![]() ▲ U.S.–Iran clash fears: Can Bitcoin hold the $60,000 level?/ChatGPT-generated image © |
As geopolitical shockwaves in the Middle East collide with persistent inflation fears, risk-off sentiment has swept across global markets, placing heavy downward pressure on the cryptocurrency sector, including bellwethers Bitcoin (BTC) and XRP (Ripple), and triggering panic selling.
As of Feb. 28 (local time), data from CoinMarketCap shows Bitcoin trading at $64,296.65, down 3.34% over the past 24 hours. This decline mirrors a 3.47% drop in total cryptocurrency market capitalization and highlights Bitcoin’s strong 66.78% correlation with the Dow Jones (DIA) index, underscoring that the sell-off is macro-driven and closely aligned with traditional financial markets.
The primary catalyst for the downturn was news of a joint U.S.–Israel airstrike on Iran on Feb. 28, 2026. With concerns mounting over a potential escalation into the worst Middle East conflict in decades, risk aversion has intensified across global asset markets. Adding to the pressure, the U.S. January core Producer Price Index (PPI) rose 3.6% year-over-year, far exceeding the 3.0% market forecast, dampening expectations for near-term rate cuts by the Federal Reserve. As a result, Bitcoin was treated not as a safe-haven asset but as a high-risk asset amid the geopolitical crisis.
Cascading liquidations in the derivatives market further exacerbated the decline. Over the past 24 hours, more than $169 million worth of Bitcoin positions were forcibly liquidated, with the bulk of losses concentrated in long positions. The perpetual futures funding rate plunged to minus 6%, marking its lowest level in three months and signaling extreme bearish sentiment and a buildup of short positions. However, if prices stabilize and rebound, the negative funding rate could provide the groundwork for a potential short squeeze driven by forced short covering.
From a technical perspective, Bitcoin is precariously testing support around $63,100, its recent short-term low. The 50-day simple moving average (SMA) at $65,750 and the 38.2% Fibonacci retracement level at $66,193 are acting as significant overhead resistance.
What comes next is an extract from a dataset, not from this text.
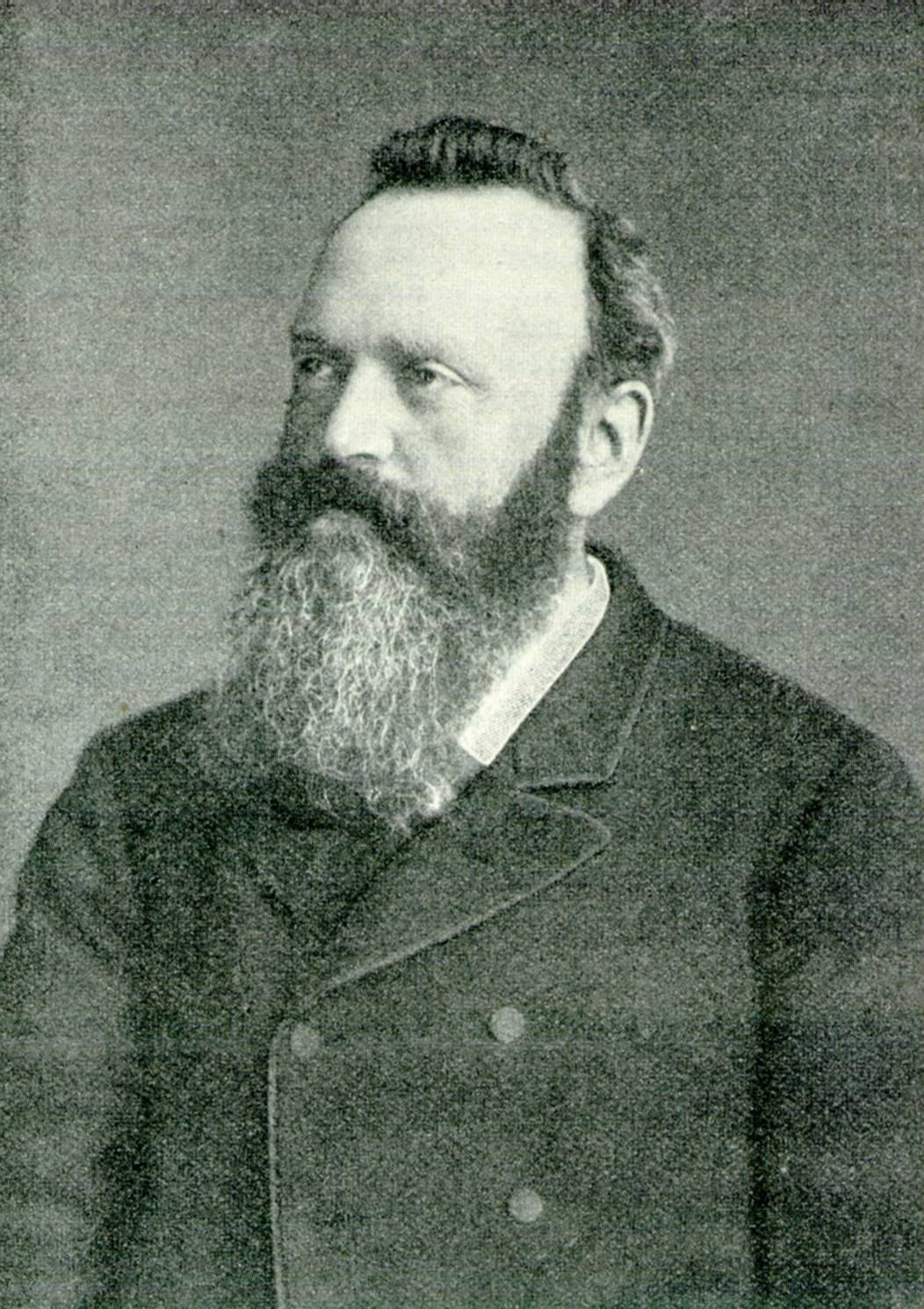 Johann Eduard Jacobsthal

Unless Bitcoin convincingly breaks above the $66,900 resistance zone, the broader bearish trend is expected to persist.
Although institutional inflows into spot exchange-traded funds (ETFs) have helped solidify the market’s foundation, they have thus far been insufficient to counter the impact of macroeconomic fear and leveraged liquidations. Over the next two days, the key question is whether Bitcoin can defend the $63,100 support level and stage a relief rally toward $66,900, or whether escalating negative factors will drag it down to the psychological threshold of $60,000.
Disclaimer: This article is for informational purposes only and should not be construed as investment advice. The publisher assumes no responsibility for any investment losses incurred based on this content.